Work task
Leave out the images and repeat every entry below exactly.

Task data
········

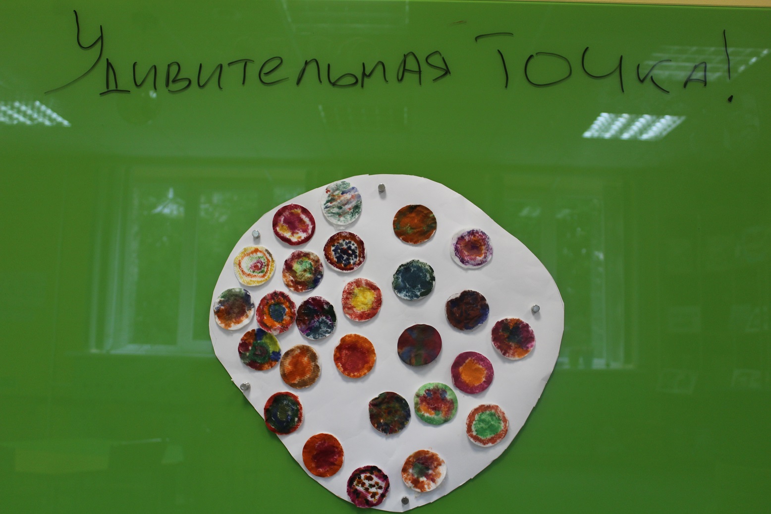 В Сланцевской детской библиотеке снова отметили Международный день точки! 15 сентября в центре внимания читателей и библиотекарей оказалась книга Питера Г. Рейнольдса «Точка». Она в 2009 году положила начало Международному дню точки - празднику индивидуальности и творчества. Как пишет сам автор, главное условие участия в празднике - прочитать книгу, а потом как-то творчески выразить себя: нарисовать коллаж из точек; написать эссе о том, как важно оставить свой след в этом мире, и каким смелым нужно для этого быть; пойти на фотоохоту и заснять предметы, имеющие форму точки; написать стихотворение или песню о точке. Читатели детской библиотеки из всех этих творческих жанров выбрали живопись и графику. Питер Г. Рейнольдс рассказывает о волшебстве, которое может сотворить самая обычная точка, оказавшаяся на листе бумаги.
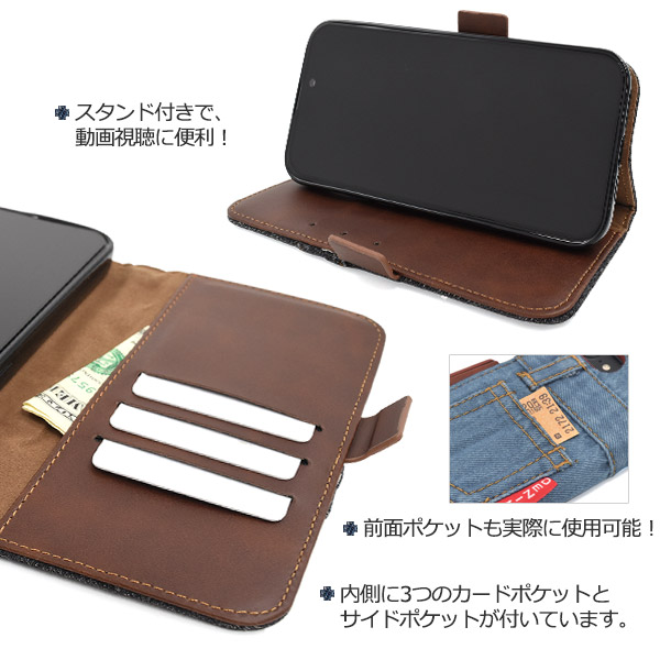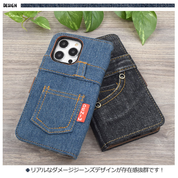 | 衝撃やキズなどからスマホを守ります。 内部ケースはソフトケースのため、着脱が簡単です。 リアルなダメージジーンズデザインが存在感抜群! 内側は落ち着いたレザーデザインです。 背面を折り返すとスタンドとして使用でき、動画視聴に便利です。 落下防止に便利なストラップホール付きです。 開閉が簡単な上下式マグネットフラップを採用! 閉じるだけでしっかりとケースを固定できます。 横開きタイプなので、手帳のように使うことができます。 また、内側に3つのカードポケットとサイドポケット付きです。 | ||||||||||||||
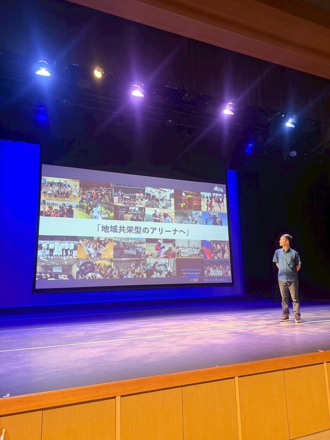 に、沖縄アリーナ社の松原執行役員が講演者として登壇しました。
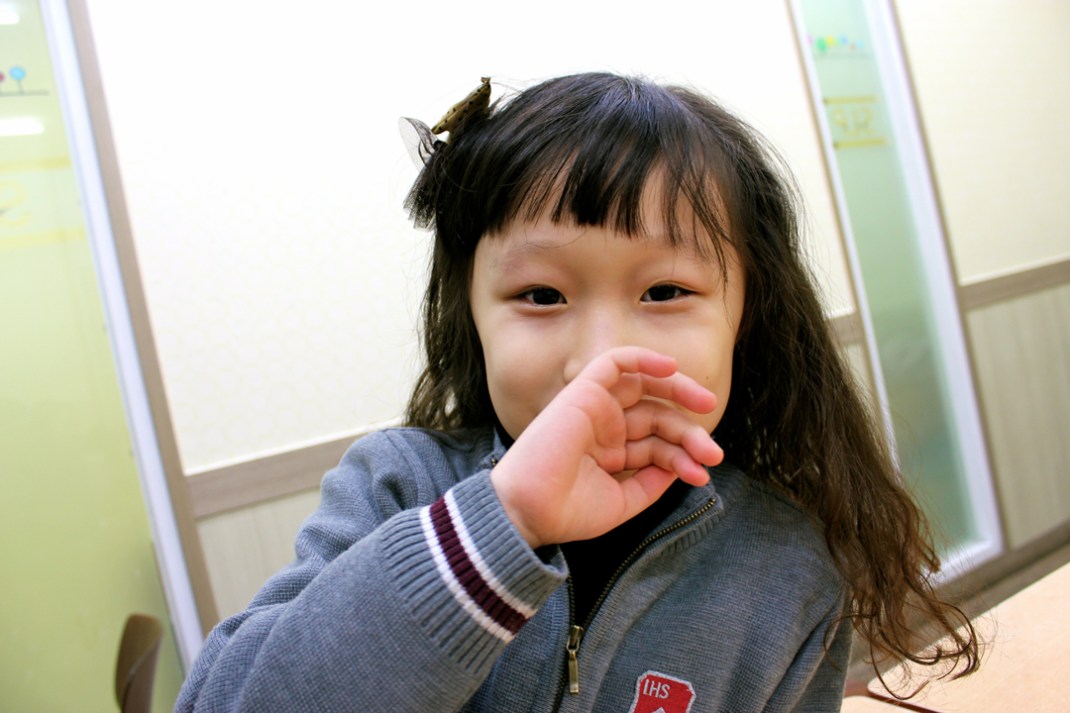 I love this photograph because it so perfectly represents little Korean girls. In Korea, women cover their mouths when they laugh. Both girls and boys get perms on a regular basis, which they call “Permaaaa, permaaaa.” Shiney had just gotten her perma the night before the picture was taken. Pin the permed hair back with big, gaudy, furry bows and you know you’re in Korea.
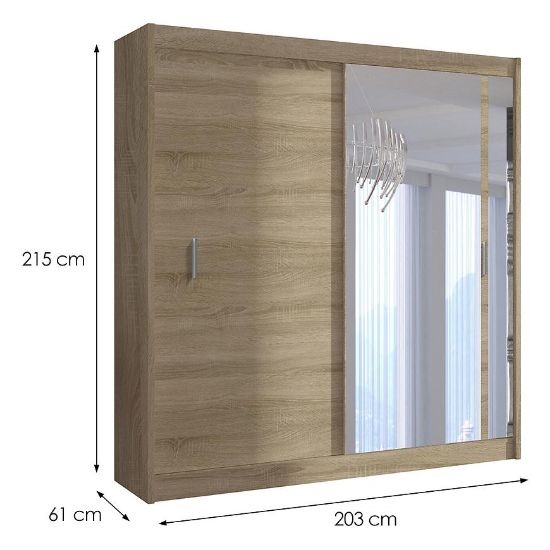 Szafa Solo 203 w kolorze dąb sonoma to elegancki i funkcjonalny mebel, który doskonale wpasuje się w nowoczesne wnętrza. Jej imponujące wymiary (szerokość 203 cm, wysokość 215 cm, głębokość 61 cm) zapewniają dużą przestrzeń do przechowywania ubrań i innych przedmiotów. Dzięki dwudrzwiowej konstrukcji z drzwiami przesuwnymi, szafa nie tylko prezentuje się stylowo, ale także jest praktyczna – idealna do pomieszczeń, gdzie oszczędność miejsca jest priorytetem.
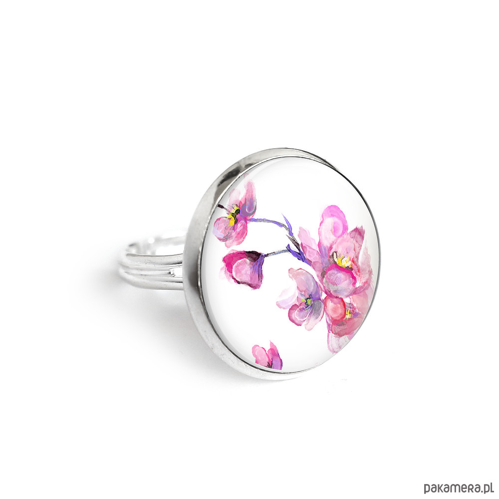 Grafika ukryta w prostym pierścieniu pod osłoną przeźroczystego półokrągłego szkiełka.
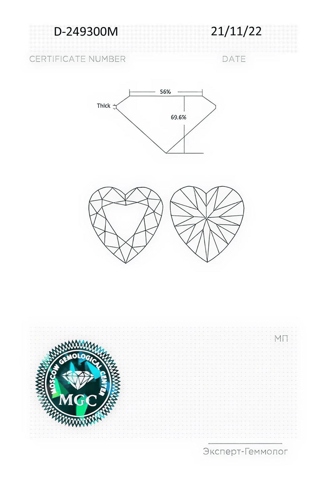 Каждому украшению с бриллиантом соответствует свой сертификат. 1 сертификат на 1 украшение (или 2 для серег)
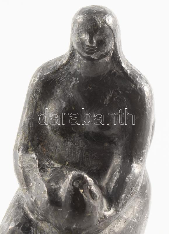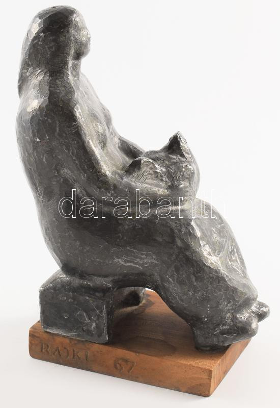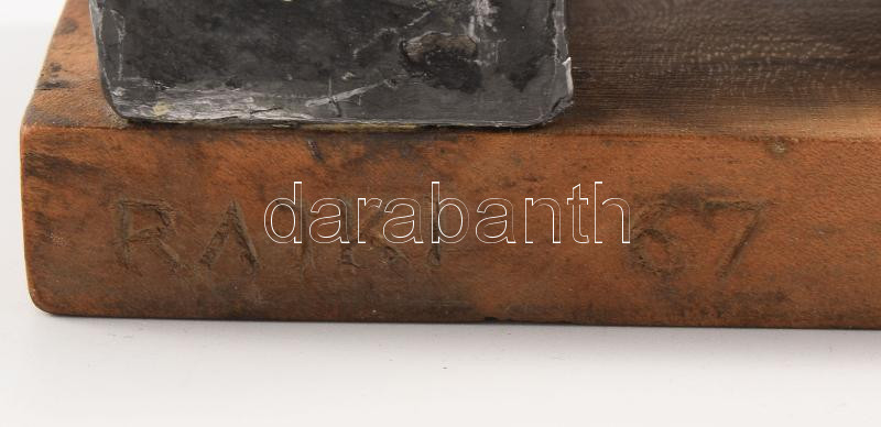 Rajki László (1938-): Kofa. Ólom szobor fa talapzaton. Jelzett, 1967, m: 15 cm
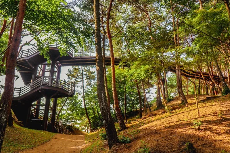 흥주사 소나무 숲의 맥문동 군락지를 지나 만날 수 있는 백화산 트리워크는 빽빽한 소나무 숲 사이를 편안한 데크길로 돌아볼 수 있는 숲속 공중 산책로로 백화산의 아름다운 소나무 숲을 가볍게 맛볼 수 있어 한적하게 산책하기 좋답니다.
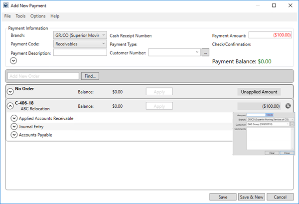 When a customer payment or vanline statement is generated in MoversSuite to the incorrect customer or order, the following outlines how to move the payment using Payment Management. This is the general concept.
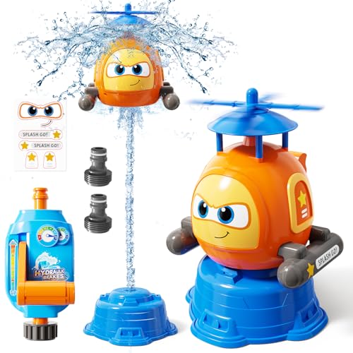 Flying Helicopter Water Sprinkler for Kids W/Tactile Click Feedback Valve, Summer Outdoor Toy for Toddlers, 360掳 Rotating Airplane Sprinkler W/DIY Stickers, Splashing Fun Toys for 3-8 Boys Girls Gifts
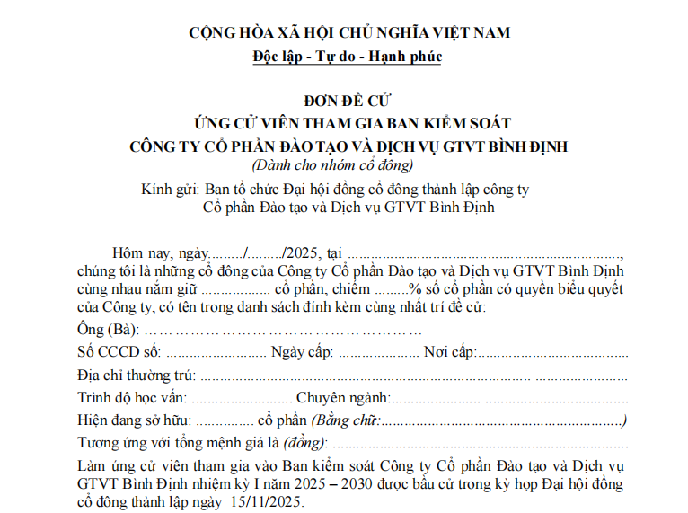 Đơn đề cử ứng cử viên tham gia Ban kiểm soát Công ty Cổ phần Đào tạo và Dịch vụ giao thông vận tải Bình Định (19/10/2025)

········

Exercise solution
 В Сланцевской детской библиотеке снова отметили Международный день точки! 15 сентября в центре внимания читателей и библиотекарей оказалась книга Питера Г. Рейнольдса «Точка». Она в 2009 году положила начало Международному дню точки - празднику индивидуальности и творчества. Как пишет сам автор, главное условие участия в празднике - прочитать книгу, а потом как-то творчески выразить себя: нарисовать коллаж из точек; написать эссе о том, как важно оставить свой след в этом мире, и каким смелым нужно для этого быть; пойти на фотоохоту и заснять предметы, имеющие форму точки; написать стихотворение или песню о точке. Читатели детской библиотеки из всех этих творческих жанров выбрали живопись и графику. Питер Г. Рейнольдс рассказывает о волшебстве, которое может сотворить самая обычная точка, оказавшаяся на листе бумаги.
 | 衝撃やキズなどからスマホを守ります。 内部ケースはソフトケースのため、着脱が簡単です。 リアルなダメージジーンズデザインが存在感抜群! 内側は落ち着いたレザーデザインです。 背面を折り返すとスタンドとして使用でき、動画視聴に便利です。 落下防止に便利なストラップホール付きです。 開閉が簡単な上下式マグネットフラップを採用! 閉じるだけでしっかりとケースを固定できます。 横開きタイプなので、手帳のように使うことができます。 また、内側に3つのカードポケットとサイドポケット付きです。 | ||||||||||||||
 に、沖縄アリーナ社の松原執行役員が講演者として登壇しました。
 I love this photograph because it so perfectly represents little Korean girls. In Korea, women cover their mouths when they laugh. Both girls and boys get perms on a regular basis, which they call “Permaaaa, permaaaa.” Shiney had just gotten her perma the night before the picture was taken. Pin the permed hair back with big, gaudy, furry bows and you know you’re in Korea.
 Szafa Solo 203 w kolorze dąb sonoma to elegancki i funkcjonalny mebel, który doskonale wpasuje się w nowoczesne wnętrza. Jej imponujące wymiary (szerokość 203 cm, wysokość 215 cm, głębokość 61 cm) zapewniają dużą przestrzeń do przechowywania ubrań i innych przedmiotów. Dzięki dwudrzwiowej konstrukcji z drzwiami przesuwnymi, szafa nie tylko prezentuje się stylowo, ale także jest praktyczna – idealna do pomieszczeń, gdzie oszczędność miejsca jest priorytetem.
 Grafika ukryta w prostym pierścieniu pod osłoną przeźroczystego półokrągłego szkiełka.
 Каждому украшению с бриллиантом соответствует свой сертификат. 1 сертификат на 1 украшение (или 2 для серег)
 Rajki László (1938-): Kofa. Ólom szobor fa talapzaton. Jelzett, 1967, m: 15 cm
 흥주사 소나무 숲의 맥문동 군락지를 지나 만날 수 있는 백화산 트리워크는 빽빽한 소나무 숲 사이를 편안한 데크길로 돌아볼 수 있는 숲속 공중 산책로로 백화산의 아름다운 소나무 숲을 가볍게 맛볼 수 있어 한적하게 산책하기 좋답니다.
 When a customer payment or vanline statement is generated in MoversSuite to the incorrect customer or order, the following outlines how to move the payment using Payment Management. This is the general concept.
 Flying Helicopter Water Sprinkler for Kids W/Tactile Click Feedback Valve, Summer Outdoor Toy for Toddlers, 360掳 Rotating Airplane Sprinkler W/DIY Stickers, Splashing Fun Toys for 3-8 Boys Girls Gifts
 Đơn đề cử ứng cử viên tham gia Ban kiểm soát Công ty Cổ phần Đào tạo và Dịch vụ giao thông vận tải Bình Định (19/10/2025)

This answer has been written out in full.